Iniciamos el programa a finales de abril, cuando comenzaron las operaciones militares en la División Malakand, porque la mayoría de los analistas predecían que el próximo lugar de enfrentamientos sería el sur de Waziristán. El acceso a las Áreas tribales bajo administración federal (FATA, por la sigla en inglés) siempre ha sido difícil, por lo que decidimos prestar apoyo a las instalaciones sanitarias públicas existentes, en lugar de ir nosotros mismos. Les hemos entregado medicamentos y suministros durante varios meses, dando prioridad a las zonas más afectadas. En total, hemos prestado apoyo a 24 centros médicos en las Áreas tribales bajo administración federal, incluidas ocho en Waziristán. Si bien no podemos enviar a nuestro personal al lugar, hablamos con los médicos por teléfono cada semana para saber qué es lo que necesitan.
¿Cómo describen los médicos que están en Waziristán la situación humanitaria?

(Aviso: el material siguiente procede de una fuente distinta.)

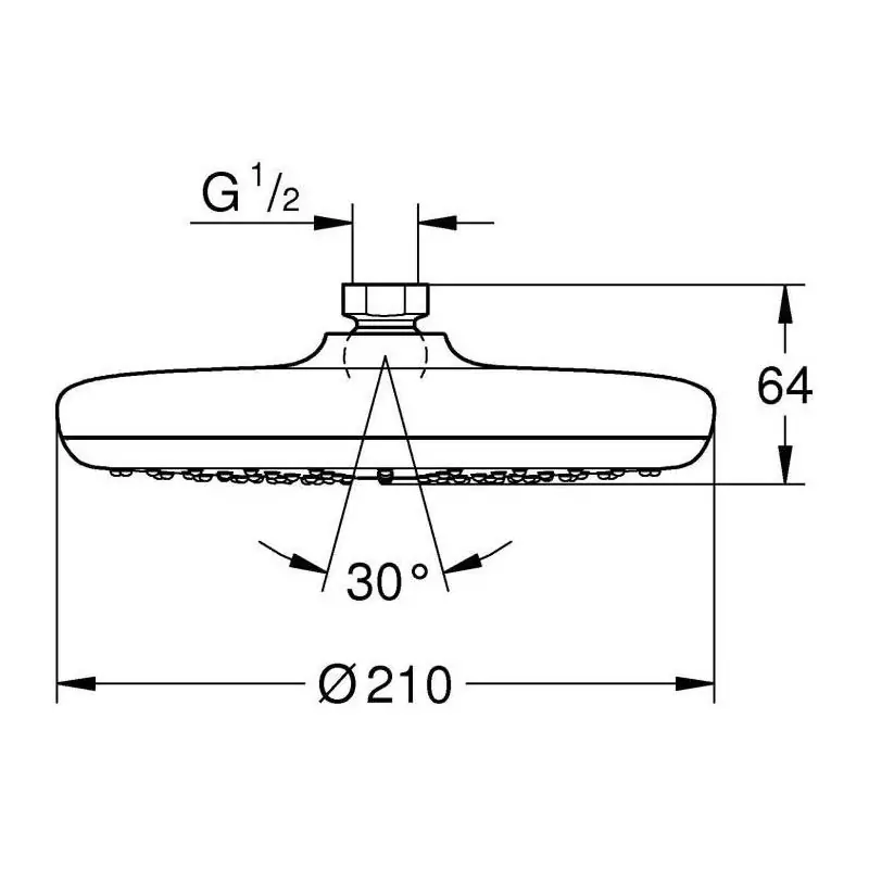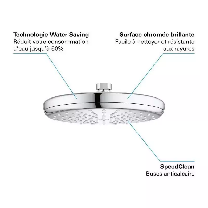 Ce modèle est équipé d'un raccord fileté 1/2, assurant une installation facile et sécurisée. La douche de tête GROHE Vitalio Start 210 - jet unique est non seulement pratique, mais elle apporte également une touche d'élégance à votre salle de bain grâce à son design moderne et épuré.
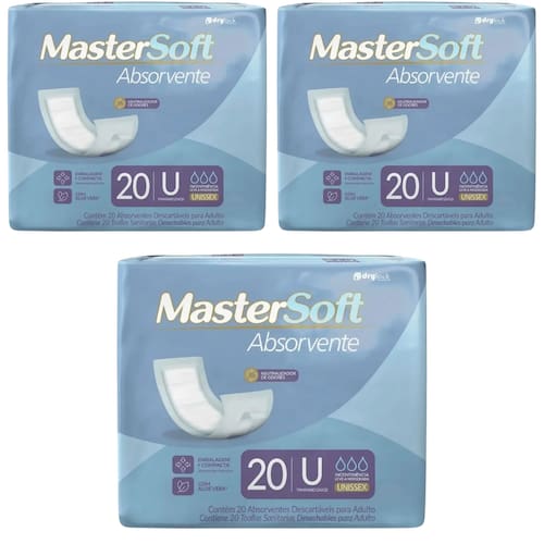 Absorvente Geriátrico Dry Master Soft Unissex 3 Pacotes com 20 Unidades Cada Totalizando 60 Unidades
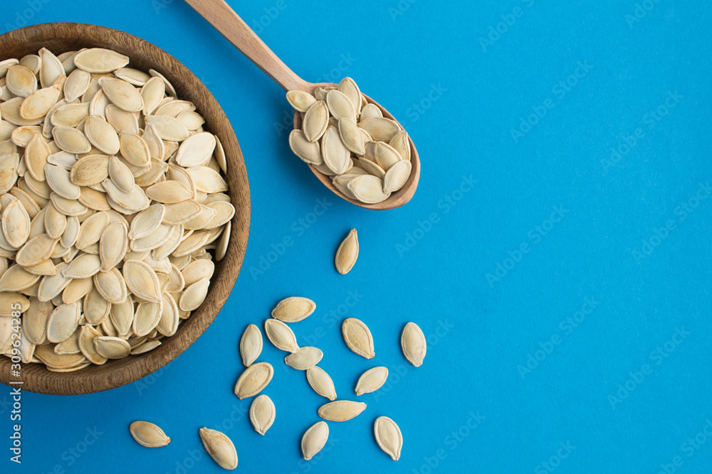 Pumpkin seeds in the brown bowl and spoon on the blue background. Copy space. Top view.
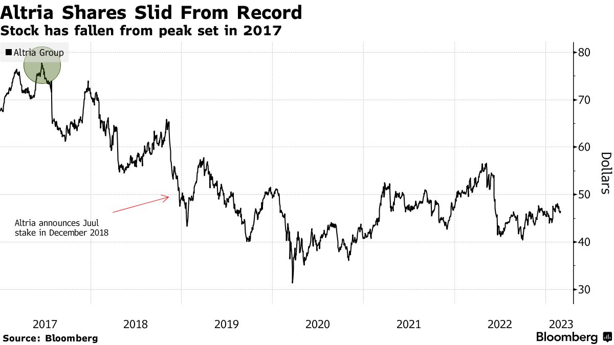 彭博情报公司饮料和烟草高级分析师肯尼斯·谢(Kenneth Shea)在电子邮件中表示,这一退出标志着“Altria与Juul之间长期不幸的投资传奇”。Altria“承认最好是为其获取潜在价值的东西,而不是它可能归零的很大机会。”
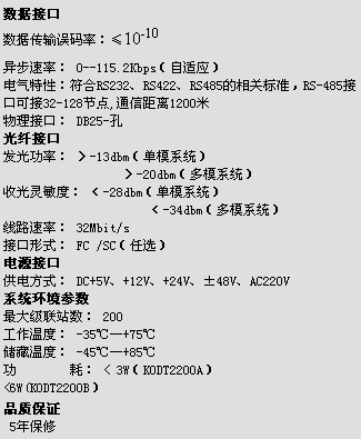 KODT2000系列总线式数据光端机包括KODT2200A、KODT2200B两种。 该产品可组成复杂的通信网络,节省投资资源。应用快速双纤冗余 (<20ms)技术的应用,增强了系统通信的可靠性。并且提供光口告警的遥信量输出接口,具有双主站备份保护功能,解决了双纤自愈环网的通讯技术瓶颈。 产品介绍: KODT2000系列总线式数据光端机包括KODT2200A、KODT2200B两种。 ■设备特点 ◆可以组成复杂的通信网络,节省了投资资源。 ◆快速双纤冗余 (<20ms)技术的应用,增强了系统通信的可靠性。 ◆产品提供光口告警的遥信量输出接口。 ◆产品具有双主站备份保护功能,解决了双纤自愈环网的通讯技术瓶颈。 ◆总线式数据接口符合RS232、RS422及RS485相关标准。 ◆对串口数据进行了透明传输,可以接纳不同的总线方式。 ◆可以自由的提供点对点、一点对多点、多点对多点的通信方式。 ◆具有8条全双工数据通道,且具有8×8数据交叉连接功能。 ◆提供总线控制权仲裁功能,解决从站主动上发数据冲突。 ◆可提供数据接口电平反转功能,及电平转换功能。 ◆网管系统产品功能强大,界面友好,协议公开,大大方便了用户的使用。 ◆产品系列化,可以根据用户的要求提供不同的光口数量、接入平台和外形结构。 ◆电源种类多样,适用于不同机房。 ◆完善的数据口电磁兼容特性。 ◆完善的电源接口的电磁兼容特性 设备参数:
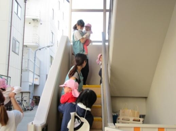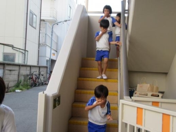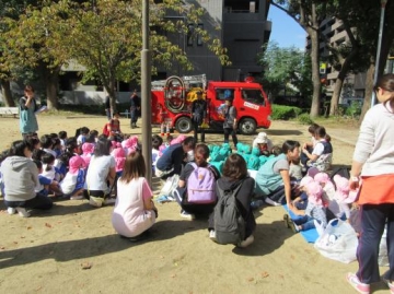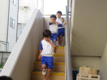 給食室が火元なので1歳児~5歳児は外の非常階段より1階に降りて来ました。ビックリした子もいる中、先生の指示に従って新町西公園へスムーズに避難できていました。

Una población numerosa se ha quedado en el sur de Waziristán, que es el lugar donde se están produciendo los enfrentamientos. Es imposible contar con cifras exactas, obviamente, no se puede hacer un censo en este momento. Pero lo que nos dicen nuestros contactos es que las personas que se quedaron son las más pobres, las que no pueden pagar los precios exorbitantes que los transportistas están pidiendo en este momento. Esas personas han quedado atrapadas en medio de los enfrentamientos, el toque de queda es constante, y es muy difícil para esas personas conseguir alimentos, atención médica y agua potable.
Dadas las condiciones, ¿cuántos pacientes están recibiendo los ocho centros que cuentan con el apoyo del CICR?
Los centros a los que estamos prestando apoyo en el sur de Waziristán nos informan que cada uno está recibiendo de dos a tres pacientes con heridas de bala o proyectil por día. Y a pesar del toque de queda, lo que nos deja pensar que hay muchas personas heridas que no pueden llegar a los centros de atención médica. Hay mucha sobrecarga, sobre todo porque la mayor parte del personal también ha huido de los enfrentamientos. Admiramos mucho a los médicos y el personal de enfermería que ha decidido quedarse para ayudar a su comunidad. Les estamos entregando medicamentos todos los meses, según las necesidades que ellos nos comunican.
¿La ayuda cambiaría si el CICR tuviera acceso directo?
Sí, podríamos hacer mucho más para atender a las víctimas. Estamos entregando insumos, pero sólo a pequeña escala. Si tuviéramos acceso, podríamos entregar más medicamentos y equipos. Además, podríamos reforzar los equipos de profesionales, con nuestro propio personal médico y de enfermería.